One god in particular, Quar, the god of city dwellers in a Middle Eastern style land, has decided to move to seize more and more power. Akhran, the foil of Quar, learns of Quar's ambitions and warns the rest of the gods because upsetting the balance will affect them all. The other gods mostly ignore him, unconcerned because Quar's mortal domain is far away from their own. Akhran does not have the safety of distance and decides to take his own precautions and orders the djinns of the Sheiks of the two largest nomadic tribes to marry off their children to unite the tribes. Unfortunately for all involved, the two largest tribes have had years upon years of animosity and hate each other with a passion.

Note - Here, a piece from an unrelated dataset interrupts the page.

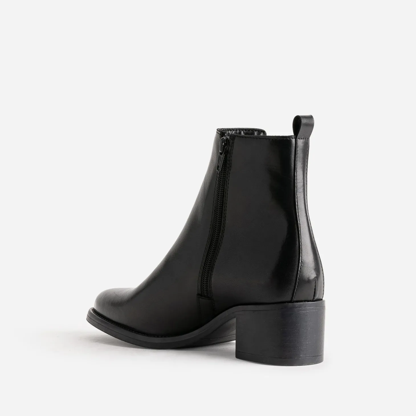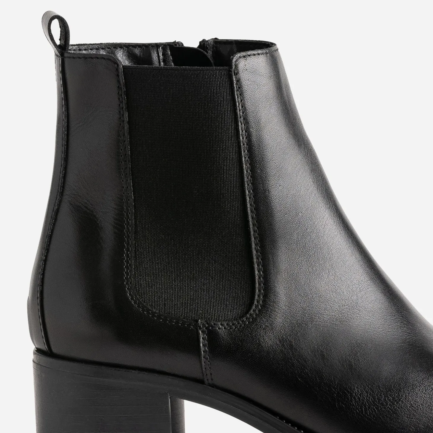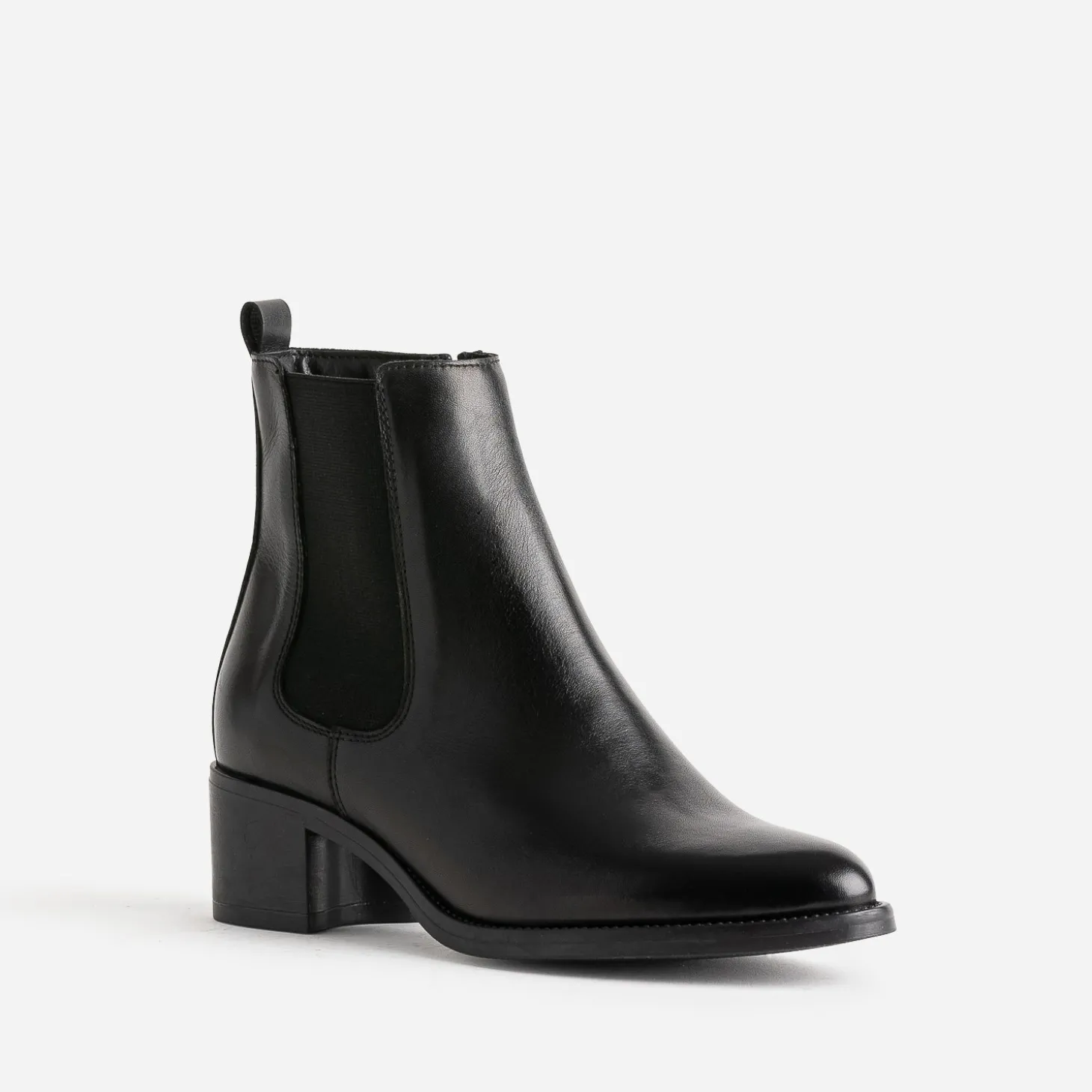 Ce boots noir a quelque chose d’irrésistible. Est-ce son cuir lisse noir ? Son bout pointu ? Son talon large de 5 cm ? Ou son élastique latéral ? Le mieux est de l’essayer pour vous faire votre propre idée. Avec une chemise blanche et un pantalon de costume noir, avec un pull à col V gris et un slim noir.
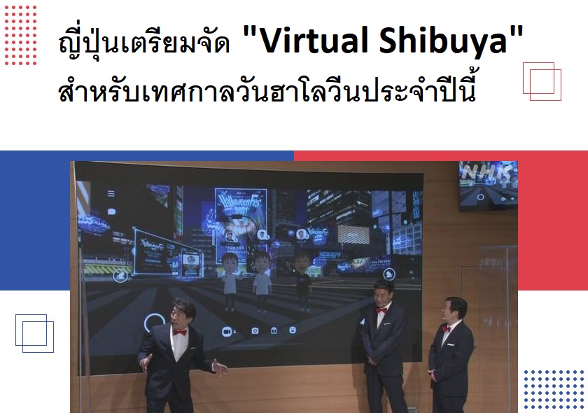 สมาคมการท่องเที่ยวชิบุย่ากรุงโตเกียวร่วมกับ KDDI ผู้ให้บริการเครือค่ายมือถือรายใหญ่ของญี่ปุ่นเตรียมจัดเทศกาลฮาโลวีนทางออนไลน์ในชื่อว่า "Virtual Shibuya" ที่จะให้ผู้เล่นได้สัมผัสประสบการณ์ราวกับได้ไปยืนอยู่ท่ามกลางผู้คนกลางห้าแยกชิบูย่า เพื่อสนุกสนานไปกับกิจกรรมต่างๆ ของเทศกาลฮาโลวีน ผ่านทางอวตาร์ที่ตนสร้างขึ้นด้วยแอพลิเคชั่นที่สามารถเข้าใช้ได้ทั้งทางสมาร์ทโฟน PC หรืออุปกรณ์ VR โดยไม่ต้องออกจากบ้านเพื่อเสี่ยงกับการติดเชื้อโควิด ระหว่างวันที่ 16-31 ตุลาคมนี้

The story follows Khardan, the son of one of the tribes and Zohra, the daughter of the other as they seek to save their people from Quar's ambitions. Joining them is Mathew, a traveler from a distant land and a follower of Promenthas.

== Main characters ==
- Abul Qasim Qannadi: "The Amir", General of Quar and King of the city of Kich.
- Achmed: Khardan’s brother and follower of Akhran.
- Auda ibn Jad: Dark Paladin of Zhakrin; slave-trader.
- Feisal: Known as "The Imam", priest of Quar and fanatical mujahideen.
- Khardan: Calif of the horse-herding Akar and son of Sheikh Majiid, prophet of Akhran.
- Mathew: Young wizard and follower of Promenthas.
- Zohra: Daughter of Sheikh Jaafar, of the sheep-herding Hrana, follower of Akhran.

== Immortals ==
- Asrial: Immortal of Promenthas, also Mathew’s guardian angel.
- Fedj: Djinn of Akhran devoted to Jafaar al Widjar, Zohra's father.
- Kaug: 'Efreet of Quar and main Immortal antagonist.
- Pukah: Djinn of Akhran, Pukah is the young and impetuous servant of Khardan.
- Raja: Djinn of Akhran, he serves Zeid al Saban, Sheykh of the Aran
- Sond: Djinn of Akhran, he serves Majiid al Fakhar, Khardan's father.
- Usti: Djinn of Akhran, he serves Zohra.

== The Gods ==
In the world of Sularin, there are 21 gods: Sul (the Truth) is the light of truth, and the other 20 are facets of the Truth. The nature of each god is informed by an icosahedral jewel composed of 20 triangular facets the 12 vertices of which represent divine philosophies (Good at the extreme closest to Law, Mercy, Faith, Charity, and Patience; then Evil with Chaos, Intolerance, Reality, Greed, and Impatience). This structure creates three categories of god: Good (the five facets with Good at one vertex), Evil (the five facets with Evil at one vertex), and Neutral (the other ten facets). The powers a god has depends on how many followers that god has as well as their level of devotion. Every god has his or her own plane of existence that resembles who they are. Akhran, the god of the desert nomads, mostly rides on his mighty horse in a desert he made himself. When a god grows less powerful, his plane of existence also starts to disappear.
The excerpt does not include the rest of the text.